Last year, CDT senior staff counsel James Dempsey uncovered
the obscure details of a government cyber-security plan in the
works. The scheme, known as FIDNET, sought to protect federal
Websites from hackers, but it threatened the privacy of average
citizens who visit those sites. Dempsey took the story to The
New York Times and spurred closer congressional scrutiny of
the plan. The upshot: The House appropriations committee zapped
FIDNET's funding.
Then, last July, when the FBI unveiled the intrusive "Carnivore"
program, CDT staff counsel Alan Davidson recommended to Congress
that the FBI release the program's source code to allow "public
scrutiny of its operation and design." The FBI isn't likely
to go that far, but the agency consulted with CDT in early August
and might allow the group to review the independent analysis
of the program to be conducted by a university during the fourth
quarter.
Advocates, not adversaries
Berman has pulled off a delicate balancing act with corporate
interests. Industry leaders believe Berman and CDT are more
sympathetic to their concerns than other privacy groups. Indeed,
Berman has given vocal support to the notion of industry self-regulation
and minimal government intervention on the Internet.
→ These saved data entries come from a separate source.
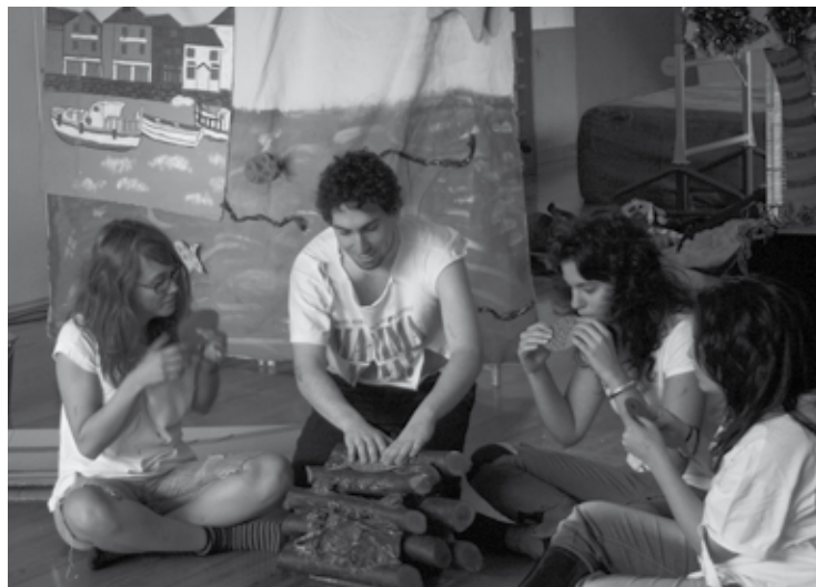
Ikastolan eskaini izan dituzte beste urte batzuetan emanaldiak.

da proiektu horren zatietako bat. "Hezitzaile profila lantzeko, oso inportantea da errealak diren egoerak planteatzea: benetak plaza bat eskainita, testuinguru errealean dihardute ikasleek. Bestalde, taldean egindako lana da, erronka bat daukate, eta ikuskizun osoa euren esku dago", dio Delgadok.
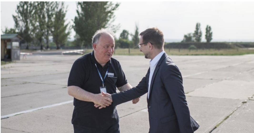
Генеральний секретар ОБСЄ Томас Гремінгер (праворуч) та Голова Спеціальної моніторингової місії ОБСЄ в Україні посол Ертурул Апакан, 26 липня 2018 року.
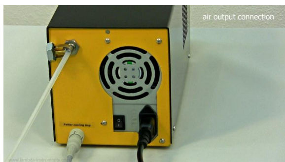
Figure 1-1 Conecte el tubo o manguera en la toma de aire (protuberancia o tubo de metal sobresaliente) en la parte trasera del AeroSilento y para el punto de colocación del tubo o manguera en el instrumento o recipiente al cual se le suministrará el aire comprimido. (e.j. a la toma de la entrada de aire en la parte trasera del biorreactor-fermentador LAMBDA MINIFOR).

La calibración y puesta a punto del LAMBDA AeroSilento es simple y fácil, puede encontrar un video corto en la siguiente dirección: http://lambda-instruments.com/?pages=video-pressure-regulated-oil-free-air-compressor-aerosilento .
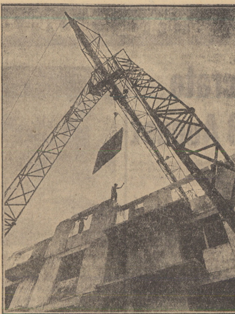
Se ridică blocul „T 13”, cu 60 apartamente, în micro-raionul Hipodrom II din Sibiu

Sibiul nu e o excepție. La lucrările de împăduriri tinerii au plantat mîndrie pe 70 ha. Au strîns 7000 tone de seuri metalice. La Șeica Mare, Tălmăciu, în aproape toate localitățile au fost alături de vîrstnici în acțiunile de lucrări edilitare-gospodărești, obținînd rezultate deosebite. La Avrig 18 ha terenuri agricole au fost desecate cu sprijinul efectiv al tinerilor. 4.500 elevi au fost prezentați pe ogoare în cam-
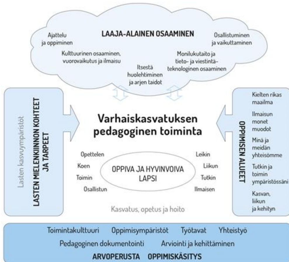
Kuvio 1. Varhaiskasvatuksen pedagogisen toiminnan viitekehys (Opetushallitus 2018, 36).

"They've challenged us on privacy violations," says George
Vradenburg, AOL's senior vice president for global and strategic
policy, "but unlike other advocacy groups, they always come
up with good solutions. CDT is effective even though they're
sometimes critical."
Last year, CDT generated bad PR for Intel when it filed a complaint
with the FTC and publicized the company's plan to place a unique
identifier in each of its new Pentium III processors. Intel
would have been able to use the code to monitor consumers' travels
across the Net. Amid a flurry of negative press, Intel changed
course, offering consumers the choice to opt out of the scheme.
What might have generated hard feelings in any other industry
ended up creating a bond. Intel recently donated a large sum
to help fund one of CDT's Internet privacy research projects.
The relationship is more than monetary. Says Doug Comer, Intel's
director of legal affairs in Washington: "We often turn to Jerry
as a referee between us and government."
That's exactly how Berman likes to be seen. "Basically, I'm
a good listener," he says. "Someone balancing a variety of interests
and trying to find the common good."
That balancing act has sometimes put CDT at odds with other
activists, many of whom argue for more stringent measures and
call for the government to give consumers personal ownership
rights to their own data. Some of these activists claim Berman
is too chummy with industry and government, at the expense of
the consumers he's supposed to represent. "I have a huge problem
with groups that are holding themselves out as consumer advocates
that are basically lobbying for industry," says Marc Rotenberg,
president of the Electronic Privacy Information Center, a competing
civil liberties organization.
Berman counters that his critics don't understand how Washington
works. "They've turned politics into religion. I guess they
need more of that anger to run on than I do," says Berman. "Being
an advocate doesn't always mean being an adversary."